In the realm of reinforcement learning (RL), accounting for risk is crucial
for making decisions under uncertainty, particularly in applications where
safety and reliability are paramount. In this paper, we introduce a general
framework on Risk-Sensitive Distributional Reinforcement Learning (RS-DisRL),
with static Lipschitz Risk Measures (LRM) and general function approximation.

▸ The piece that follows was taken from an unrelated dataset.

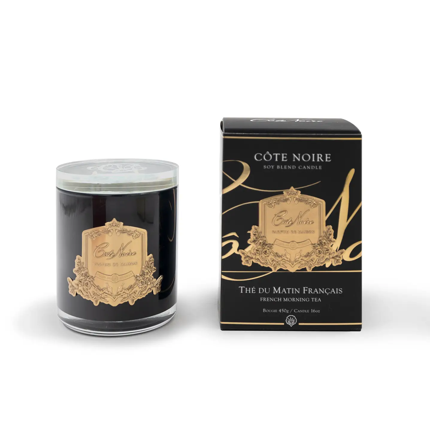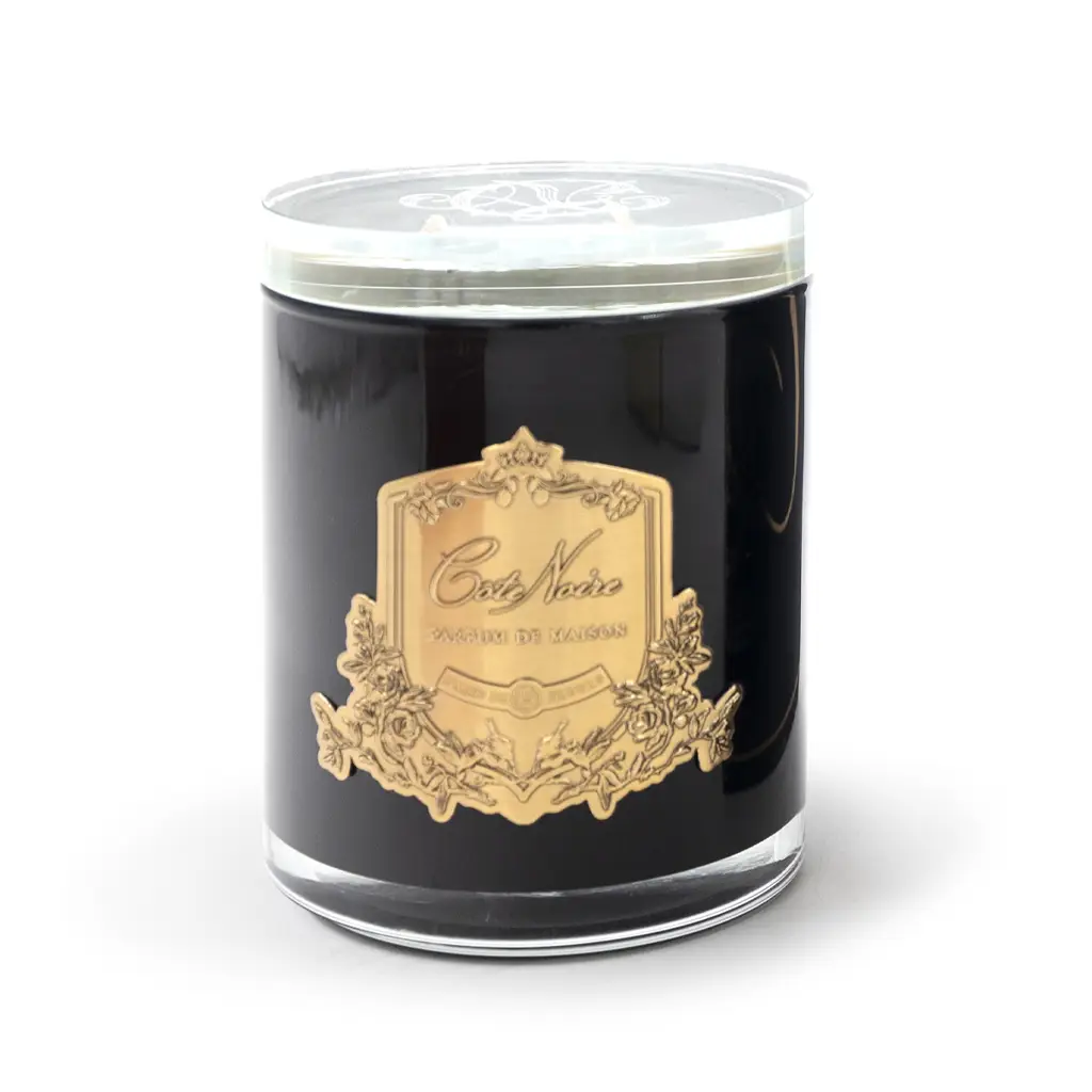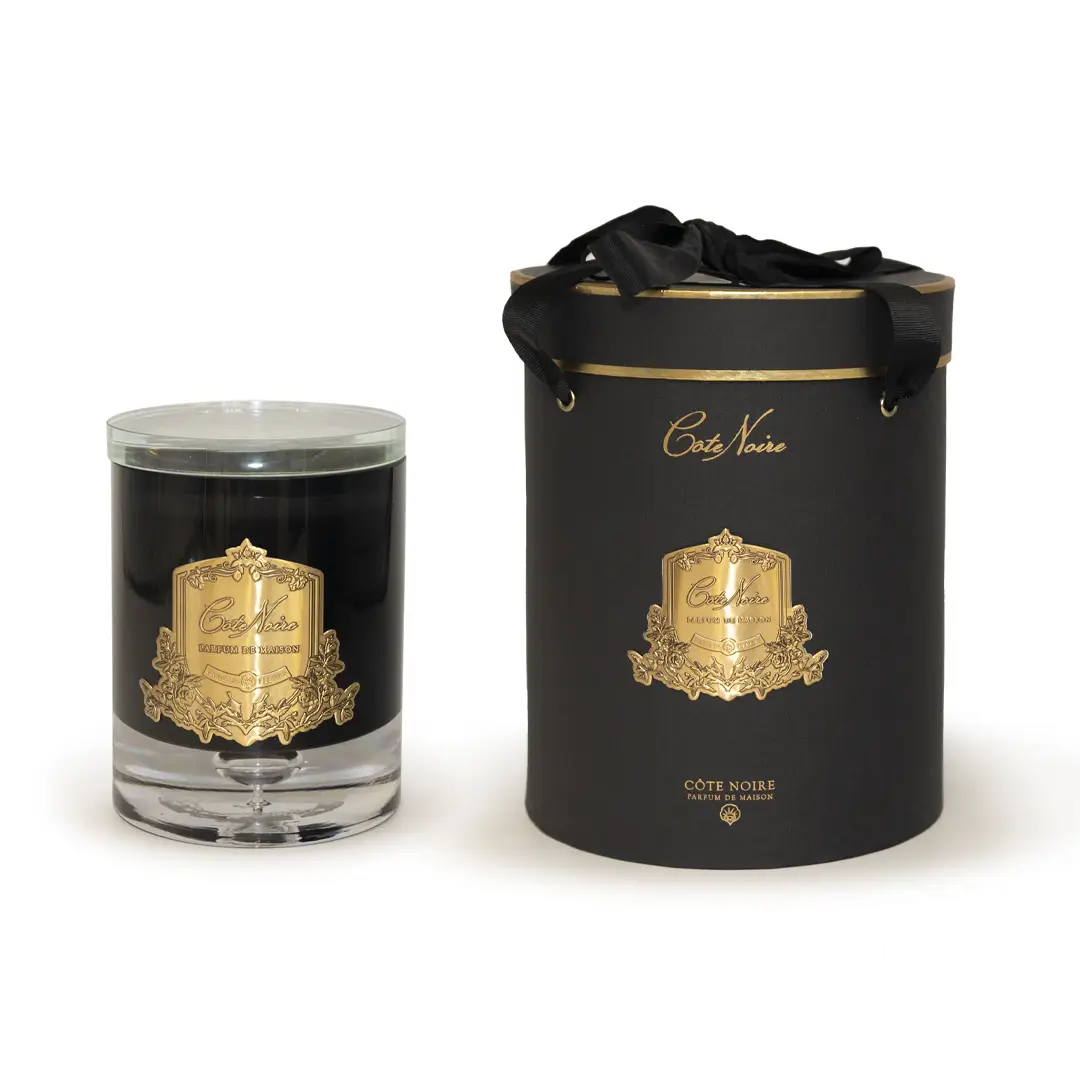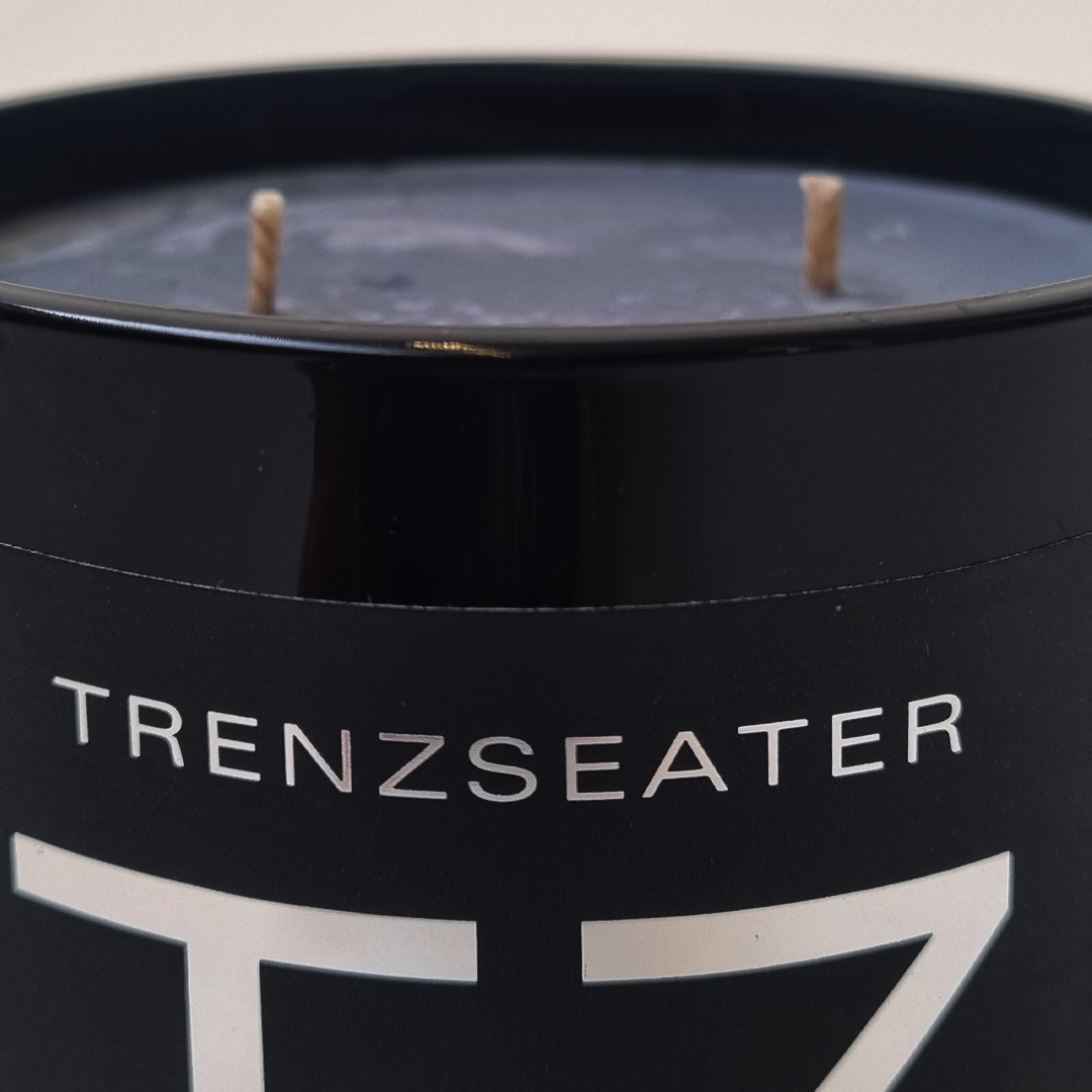 Black Hanako boutique fragrances candle by TrenzseaterClose-up of black scented candle with 'TZ' logo

Our framework covers a broad class of risk-sensitive RL, and facilitates
analysis of the impact of estimation functions on the effectiveness of RSRL
strategies and evaluation of their sample complexity. We design two innovative
meta-algorithms: \texttt{RS-DisRL-M}, a model-based strategy for model-based
function approximation, and \texttt{RS-DisRL-V}, a model-free approach for
general value function approximation. With our novel estimation techniques via
Least Squares Regression (LSR) and Maximum Likelihood Estimation (MLE) in
distributional RL with augmented Markov Decision Process (MDP), we derive the
first $\widetilde{\mathcal{O}}(\sqrt{K})$ dependency of the regret upper bound
for RSRL with static LRM, marking a pioneering contribution towards
statistically efficient algorithms in this domain.

该研究介绍了一种风险敏感的分布式强化学习 (RS-DisRL) 框架，包括静态 Lipschitz 风险度量、泛函逼近等，用于分析评估 RSRL 策略的估计函数对其有效性和样本复杂度的影响，并设计了两种创新的元算法：面向基于模型的函数逼近的 RS-DisRL-M 和面向通用价值函数逼近的 RS-DisRL-V。通过利用最小二乘回归 (LSR) 和最大似然估计 (MLE) 的新颖估计技术，结合增强马尔可夫决策过程 (MDP) 中的分布式 RL，推导出了具有静态 Lipschitz 风险度量的 RSRL 的遗憾上界的首个 O (√K) 依赖关系，对这个领域中的统计有效算法做出了创新性贡献。